Santo Antônio da platina

----------


## rimaraujo

> Procuro emprego na área de telecomunicações, muita experiência . Tenho 15 anos na área , enlaces, Mikrotik, ubnt, cambium , roteamento, BGP, OSPF, fibra, PLC ( participei na implantação e testes na rede PLC da Copel em 2007 a 2008. Treinamento com bplg global empresa responsável pelo projeto), configurações rádios digital, entre outros. Não importa a distância região segue fone para contato 43 98804.4815 . Whats. Email [email protected]. obrigado pela atenção a todos


Encaminhe seu currículo para [email protected].

Somente uma pergunta, você informou que trabalhou na copel e tem toda essa bagagem.
O que lhe motivou a largar o seu emprego e montar uma empresa própria? 

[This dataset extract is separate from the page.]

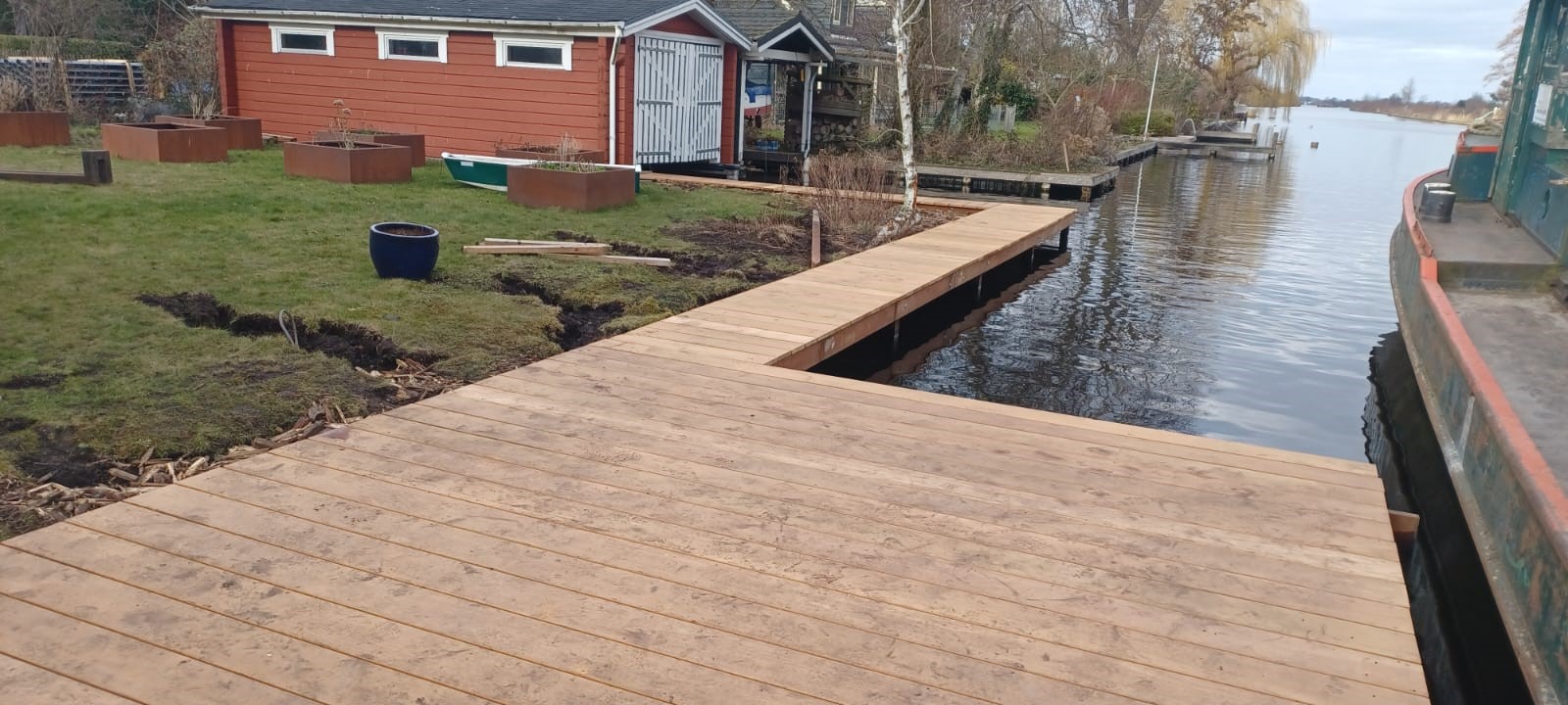 Richards Groen- en Waterwerken is gespecialiseerd in het maken van beschoeiingen. Door jarenlange expertise maken wij de mooiste en strakste beschoeiingen voor uw tuin/eiland.

Ou qual o motivo que você saiu da empresa onde trabalhava para tentar empreender?

----------


## Bruno

> Encaminhe seu currículo para [email protected].
> 
> Somente uma pergunta, você informou que trabalhou na copel e tem toda essa bagagem.
> O que lhe motivou a largar o seu emprego e montar uma empresa própria? 
> 
> Ou qual o motivo que você saiu da empresa onde trabalhava para tentar empreender?


Vamos la não pra criar atrito mais eu trabalhei na copel um bom tempo o plc em santo antônio da platina aconteceu em 2009 a 2010 se não me falha a memoria, quando aconteceu o plc em Sant Ant eu trabalhava no nivel2 da copel o que eu fiquei curioso pela sua afirmação "muita experiência" estou precisando de um cara assim, qual usa experiencia com cisco ??

----------


## wbrustolim

Em 2009 e 2010 já era o final do projeto meados d 2009 fui pago para remoção dos equipamentos dos clientes como que era um projeto teste.

----------


## wbrustolim

Foi logo quando sr ravedutti tinha falecido presidente da Copel nesta época foi um dos motivos de ter parado esse projeto

----------


## Bruno

> Em 2009 e 2010 já era o final do projeto meados d 2009 fui pago para remoção dos equipamentos dos clientes como que era um projeto teste.


eu não lembro época certa mais o projeto foi inviabilizado pelo cusco ai veio a bel kkkkk

----------


## wbrustolim

Sim . Re vi aqui começamos em 2007 a cotação inicial do projeto contagem d postes entre outros lançamentos da fibra até os concentradores PLC. Em 2008 finalzinho do ano que iniciava os primeiros teste 2009 foi o ano de instalação e atendimento e já no final de 2009 e 2010 a retirada dos equipamentos

----------